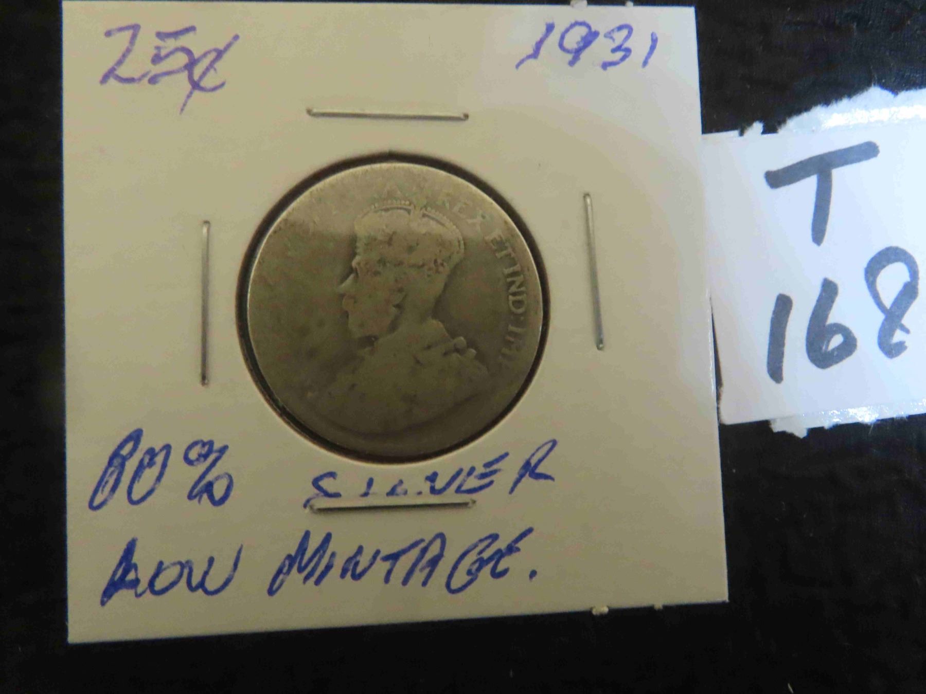 One 1931 Canadian 80% silver 25 cent coin, circulated, ungraded, low mintage year
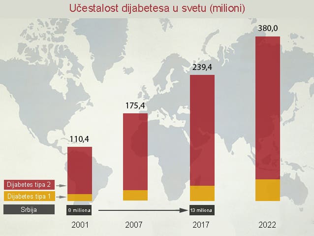Jakovljevic T.S.: Dijabetes melitus danas je najozbiljnija pretnja sa kojom se čovečanstvo suočava, što se objašnjava brzim rastom morbiditeta i visoke smrtnosti. Samo u poslednjih 20 godina postao je jedan od vodećih uzroka smrti među stanovništvom. S tim u vezi, bolest je među prioritetnim zadacima sa kojima se suočavaju lekari širom sveta.
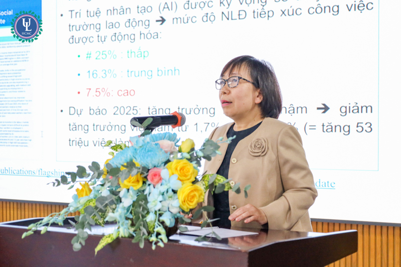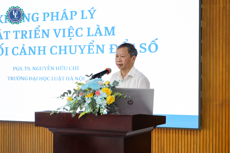 Ở bài tham luận mở đầu, PGS.TS. Nguyễn Hữu Chí - Trường Đại học Luật Hà Nội trình bày tham luận “Khung pháp lý phát triển việc làm trong bối cảnh chuyển đổi số” nhấn mạnh vấn đề phát triển việc làm trong tình hình này cần phải chú ý đến tính bền vững, không chỉ dừng ở việc tạo ra việc làm mới mà còn bao gồm duy trì việc làm chất lượng và hiệu quả phù hợp với mục tiêu phát triển kinh tế - xã hội. Điều này đòi hỏi pháp luật phải linh hoạt thích ứng, vừa thúc đẩy đổi mới sáng tạo vừa bảo vệ quyền lợi người lao động. Đồng thời cũng chỉ ra hạn chế lớn về kỹ năng số của lao động Việt Nam, đặc biệt trong khu vực phi chính thức và ở nhóm lao động nữ hoặc người lớn tuổi. Khoảng cách kỹ năng giữa các nhóm lao động và giữa doanh nghiệp lớn - nhỏ ngày càng gia tăng, trong khi đào tạo nghề vẫn thiếu nội dung kỹ năng số, thiếu linh hoạt và thiếu giảng viên có kinh nghiệm thực tiễn trong các lĩnh vực như dữ liệu, IoT hay AI.
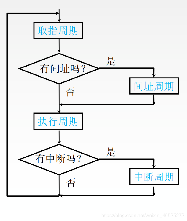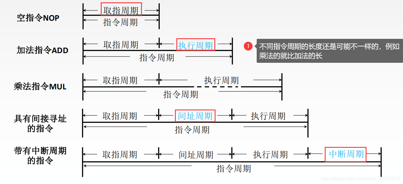 指令周期:CPU从主存中每取出并执行一条指令所需的全部时间。
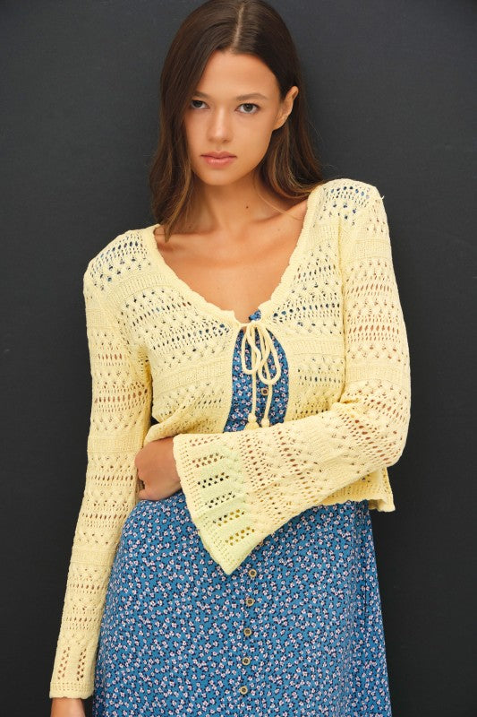 Buttermilk Yellow Tie Front Cropped Cardigan
=====
### Exercise details
Print each line above exactly as it appears, excluding all images.

### Completed exercise
 One 1931 Canadian 80% silver 25 cent coin, circulated, ungraded, low mintage year
Jakovljevic T.S.: Dijabetes melitus danas je najozbiljnija pretnja sa kojom se čovečanstvo suočava, što se objašnjava brzim rastom morbiditeta i visoke smrtnosti. Samo u poslednjih 20 godina postao je jedan od vodećih uzroka smrti među stanovništvom. S tim u vezi, bolest je među prioritetnim zadacima sa kojima se suočavaju lekari širom sveta.
 Ở bài tham luận mở đầu, PGS.TS. Nguyễn Hữu Chí - Trường Đại học Luật Hà Nội trình bày tham luận “Khung pháp lý phát triển việc làm trong bối cảnh chuyển đổi số” nhấn mạnh vấn đề phát triển việc làm trong tình hình này cần phải chú ý đến tính bền vững, không chỉ dừng ở việc tạo ra việc làm mới mà còn bao gồm duy trì việc làm chất lượng và hiệu quả phù hợp với mục tiêu phát triển kinh tế - xã hội. Điều này đòi hỏi pháp luật phải linh hoạt thích ứng, vừa thúc đẩy đổi mới sáng tạo vừa bảo vệ quyền lợi người lao động. Đồng thời cũng chỉ ra hạn chế lớn về kỹ năng số của lao động Việt Nam, đặc biệt trong khu vực phi chính thức và ở nhóm lao động nữ hoặc người lớn tuổi. Khoảng cách kỹ năng giữa các nhóm lao động và giữa doanh nghiệp lớn - nhỏ ngày càng gia tăng, trong khi đào tạo nghề vẫn thiếu nội dung kỹ năng số, thiếu linh hoạt và thiếu giảng viên có kinh nghiệm thực tiễn trong các lĩnh vực như dữ liệu, IoT hay AI.
 指令周期:CPU从主存中每取出并执行一条指令所需的全部时间。
 Buttermilk Yellow Tie Front Cropped Cardigan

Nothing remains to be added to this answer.